[Opening Records supplied section]

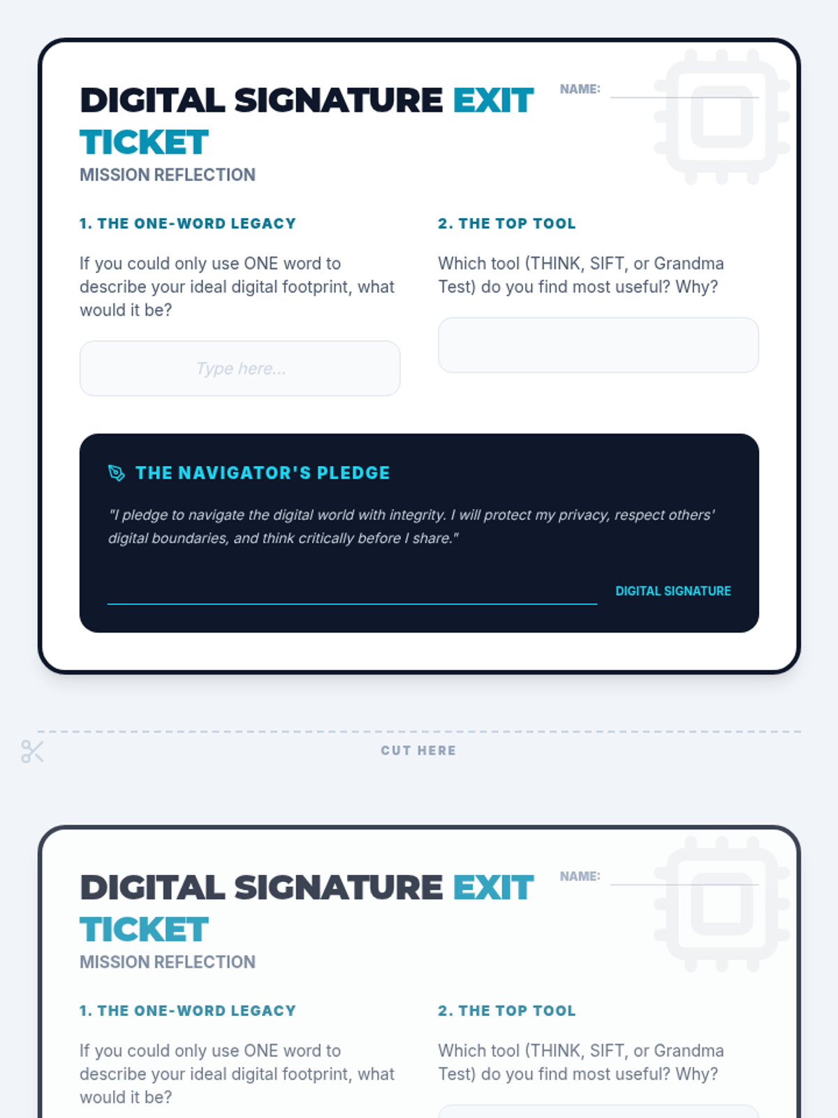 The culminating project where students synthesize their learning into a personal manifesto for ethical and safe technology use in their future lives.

[Closing Records supplied section]
[Opening Records supplied section]

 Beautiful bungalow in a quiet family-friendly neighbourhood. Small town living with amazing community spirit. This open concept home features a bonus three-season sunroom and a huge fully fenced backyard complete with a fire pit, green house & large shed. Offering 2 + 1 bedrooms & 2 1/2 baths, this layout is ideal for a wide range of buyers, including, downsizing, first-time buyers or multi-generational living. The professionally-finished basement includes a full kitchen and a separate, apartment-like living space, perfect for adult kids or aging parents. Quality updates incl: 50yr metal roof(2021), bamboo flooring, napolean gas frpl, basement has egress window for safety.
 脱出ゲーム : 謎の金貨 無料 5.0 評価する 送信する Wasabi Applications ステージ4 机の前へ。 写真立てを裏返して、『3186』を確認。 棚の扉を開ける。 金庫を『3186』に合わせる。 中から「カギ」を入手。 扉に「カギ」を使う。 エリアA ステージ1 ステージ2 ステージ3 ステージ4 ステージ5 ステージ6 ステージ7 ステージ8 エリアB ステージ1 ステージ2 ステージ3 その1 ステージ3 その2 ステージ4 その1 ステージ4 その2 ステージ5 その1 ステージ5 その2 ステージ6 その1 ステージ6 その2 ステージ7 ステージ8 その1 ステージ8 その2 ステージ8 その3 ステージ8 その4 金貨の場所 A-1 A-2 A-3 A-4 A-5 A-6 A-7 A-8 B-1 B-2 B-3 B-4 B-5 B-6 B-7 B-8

[Closing Records supplied section]

* _Exercise description_: Reproduce verbatim only the segment of the listing bounded by the line containing "Beautiful bungalow in" and the line containing "脱出ゲーム : 謎の金貨", with both boundary lines included.

* _Task output_:
 Beautiful bungalow in a quiet family-friendly neighbourhood. Small town living with amazing community spirit. This open concept home features a bonus three-season sunroom and a huge fully fenced backyard complete with a fire pit, green house & large shed. Offering 2 + 1 bedrooms & 2 1/2 baths, this layout is ideal for a wide range of buyers, including, downsizing, first-time buyers or multi-generational living. The professionally-finished basement includes a full kitchen and a separate, apartment-like living space, perfect for adult kids or aging parents. Quality updates incl: 50yr metal roof(2021), bamboo flooring, napolean gas frpl, basement has egress window for safety.
 脱出ゲーム : 謎の金貨 無料 5.0 評価する 送信する Wasabi Applications ステージ4 机の前へ。 写真立てを裏返して、『3186』を確認。 棚の扉を開ける。 金庫を『3186』に合わせる。 中から「カギ」を入手。 扉に「カギ」を使う。 エリアA ステージ1 ステージ2 ステージ3 ステージ4 ステージ5 ステージ6 ステージ7 ステージ8 エリアB ステージ1 ステージ2 ステージ3 その1 ステージ3 その2 ステージ4 その1 ステージ4 その2 ステージ5 その1 ステージ5 その2 ステージ6 その1 ステージ6 その2 ステージ7 ステージ8 その1 ステージ8 その2 ステージ8 その3 ステージ8 その4 金貨の場所 A-1 A-2 A-3 A-4 A-5 A-6 A-7 A-8 B-1 B-2 B-3 B-4 B-5 B-6 B-7 B-8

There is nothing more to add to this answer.